The feeling of being “abandoned” partly comes from the inaccessibility of the platforms when something goes wrong.
“When something happens to us on the road, we have no one to rely on. Uber Eats and Deliveroo are, in my eyes, ghost apps that only think about lining their pockets on the backs of precarious workers. We are not safe like any worker should be.
“They only respond to deliverers when there is a problem with the order. Ultimately, if an order is dropped, we don’t get paid. One delivery person recently explained to me that they refund the order with the courier’s money.”
The inflation crisis has ramped up the pressure on food delivery couriers, as costs rise while pay stagnates. Sebban says the crisis has highlighted the need for a regular salary, rather than continuing to be exposed to the vagaries of the algorithm.
“All the prices went up and we still couldn’t get a regular salary. We had to save up to buy used equipment. We are paid just €0.53-€4.95 per order and they take 10.7% of our online tips.”
A regular salary from Deliveroo is not likely to be coming any time soon. The company has been one of the most vociferous voices among food delivery platforms opposed to employment status, and whereas Deliveroo is losing in the majority of courts across Europe, a Belgian judge found in December that couriers of the company were self-employed, not employees. Anuar’s union, the United Freelancers section of the ACV-CSC union, which brought the case forward is now taking it to an appeals court.
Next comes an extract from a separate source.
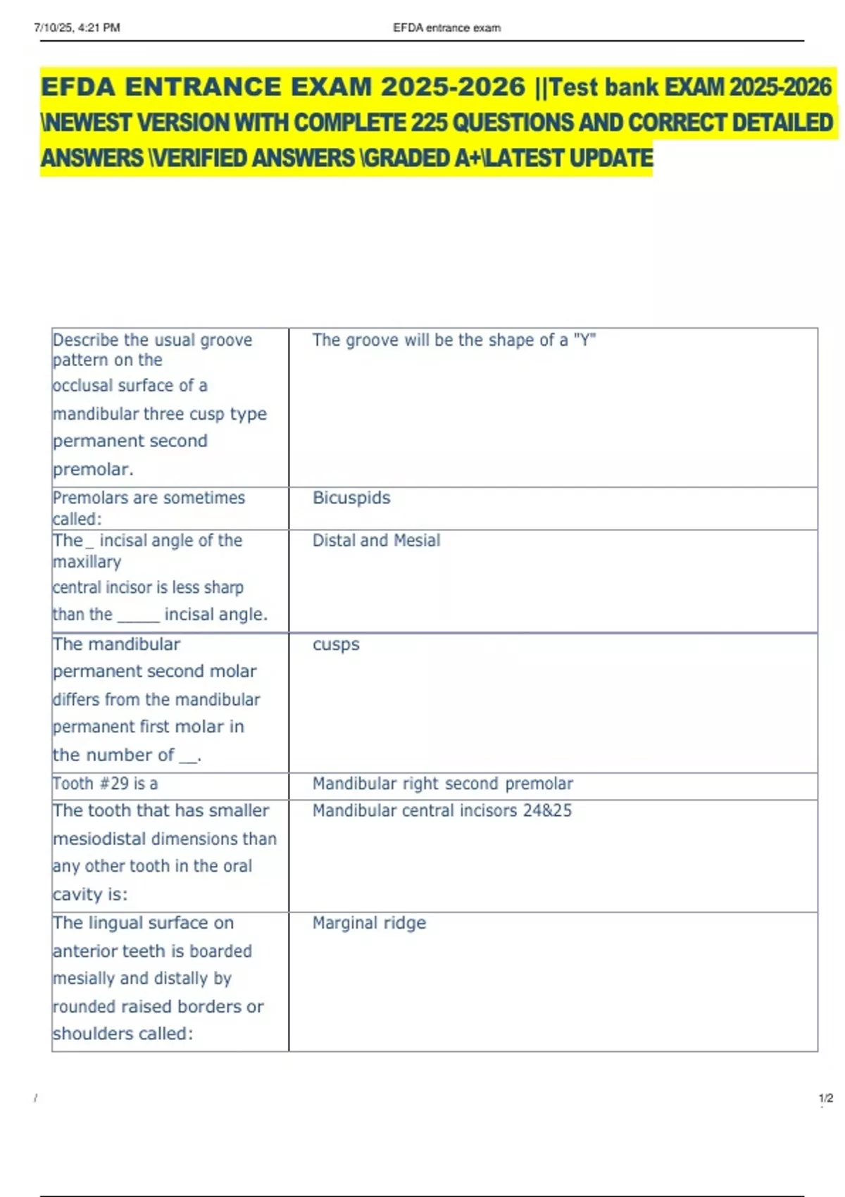 EFDA Board ACTUAL Exam Preparation Test Bank Questions with Correct Answers/ PA EFDA Certification Exam Prep Questions with Answers (Brand New!) EFDA Board ACTUAL Exam Preparation Test Bank Questions with Correct Answers/ PA EFDA Certification Exam Prep Questions with Answers (Brand New!) EFDA Board ACTUAL Exam Prepara
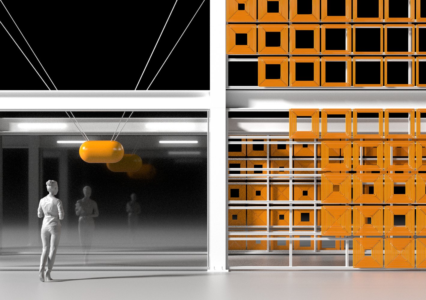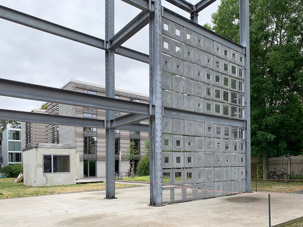 바우하우스 사례에서는 파라메트릭한 접근을 통해 설계자가 의도한대로 부분적인 개방성을 만들어 줍니다. 마치 퀼팅을 하듯 사각형 모듈을 채운 모습이 참 인상적입니다. 개별 패널들은 재료의 수축을 안정화하기 위해 카본 파이버 매쉬를 깔아놓고 그 위에 출력되었습니다. 이후 파사드 패널을 타공하여 철골조에 배치된 알루미늄 프레임에 조립연결된 모습을 보실 수 있습니다. 물론 이 연구에서는 1개의 출력 레이어만을 이용하였지만, 레어의 수를 증가시키면 더 다채로운 입면을 만들 수 있을 것이라고 생각합니다. 이 사례는 3D 프린팅 프로세스가 당연히 커스터마이징을 가능하게 하며 작업효율적이고, 폐기물을 발생시키지 않는다고 합니다.

“I’m not happy with the verdict because I think we are fake self-employed and that there is indeed a subordination link between the platform and the deliverers, since the platforms impose prices on the deliverers and can de-activate whoever they want,” he says.
Deliveroo appears to have taken some confidence from that court ruling. Despite falling demand, the Amazon part-owned company is expanding into new Belgian cities, at the same time as it pulls out of nearby Netherlands all together. Anuar is in for a long fight, but he has been fighting ever since he entered the world of gig work.
“I decided to protest from the start simply because I couldn’t find anyone to turn to,” he says. “I went to Uber’s headquarters and started protesting, then I started posting on Facebook and that’s where I started developing my network.
“I discovered the United Freelancers, which introduced me to other people and we founded the Couriers Collective and motivated several couriers to join our cause. Now I consider myself a militant of the couriers in struggle. I say that ‘if we do not move, our fall will be inevitable’.”
Anuar was in attendance at the ‘Alternatives to Uberisation’ conference on 8 September, which brought together platform workers from at least 15 countries to discuss ideas and strategies.
“It allowed us to meet activists from all over the world and exchange in political terms about the failures of these companies. It opens our eyes to the difficulties of other workers as well as to the social and economic issues. We also had the opportunity to speak in the European Parliament, so I think it’s a good sign. The struggle continues, and behind every struggle there is a fight.”
The Couriers Collective and the United Freelancers are organising a General Assembly for Brussels’ couriers on 21 September, ahead of a mobilisation on the 18 October. Anuar is also involved in setting-up a ‘House of Couriers’ in Brussels; a place where couriers can rest, wash, meet one another and organise.
“This will be a friendly place where couriers can meet, talk over coffee and defend their interests,” he says. “It’s useful if we can mobilise as many couriers as possible for the right cause.”
Anuar’s organising now extends beyond the couriers’ struggle. He has become an activist, currently engaged in a campaign to defend unemployment centres in the Belgian capital, and has joined the Workers’ Party of Belgium, a leftist party with 17 Deputies in the Belgian Chamber of Representatives and Senate.
Having been interested in joining the Police or the Army as a youngster, Anuar’s years of struggle have given him a different sense of ambition.
“I hope to become a Deputy to continue to shake this overly exploitative system!”